Andreas Geipl

Personal information
- Date of birth: 21 April 1992 (age 34)
- Place of birth: Garmisch-Partenkirchen, Germany
- Height: 1.80 m (5 ft 11 in)
- Position: Midfielder

Team information
- Current team: Chemnitzer FC
- Number: 6

Youth career
- 0000–2003: SC Bad Kohlgrub
- 2003–2011: 1860 Munich

Senior career*
- Years: Team / Apps / (Gls)
- 2011–2014: 1860 Munich II / 67 / (7)
- 2014–2020: Jahn Regensburg / 145 / (9)
- 2015–2020: → Jahn Regensburg II / 2 / (0)
- 2020–2023: 1. FC Heidenheim / 53 / (0)
- 2023–2026: Jahn Regensburg / 70 / (1)
- 2026–: Chemnitzer FC / 10 / (0)

= Andreas Geipl =

German footballer

Andreas Geipl (born 21 April 1992) is a German professional footballer who plays for Chemnitzer FC.

== Career ==
Geipl played for the youth teams of SC Bad Kohlgrub and TSV 1860 Munich.
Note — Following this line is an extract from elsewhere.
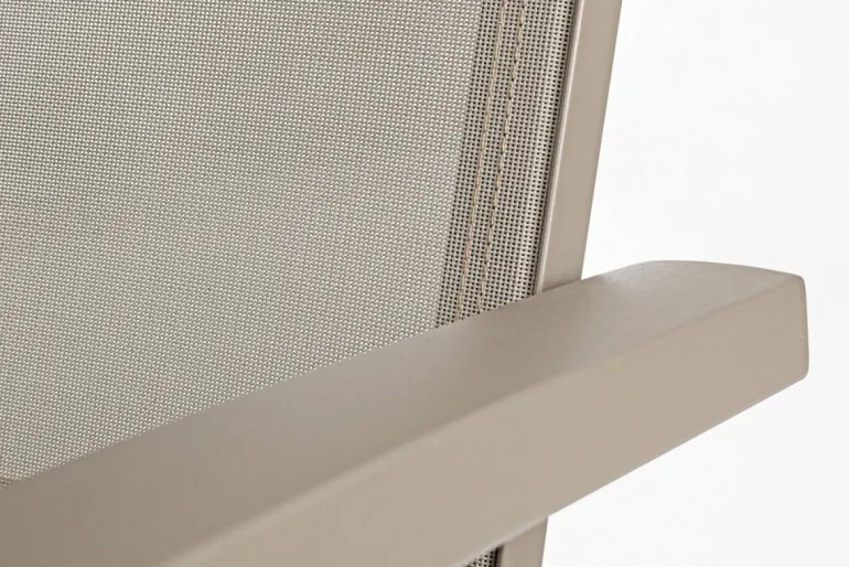 STRUTTURA IN ALLUMINIO, VERNICIATO A POLVERE (POLIESTERE). SEDUTA E SCHIENALE RIVESTITI IN TEXTILENE PHIFER 1X1. SCHIENALE RECLINABILE (5 POSIZIONI). PIEGHEVOLE

He made his professional debut for SSV Jahn Regensburg on 26 July 2014 in a 3. Liga match against MSV Duisburg, where Regensburg won 3–1. On 1 June 2016, Geipl extended his contract with Regensburg until 2017.

In summer 2020, he joined 1. FC Heidenheim on a free transfer.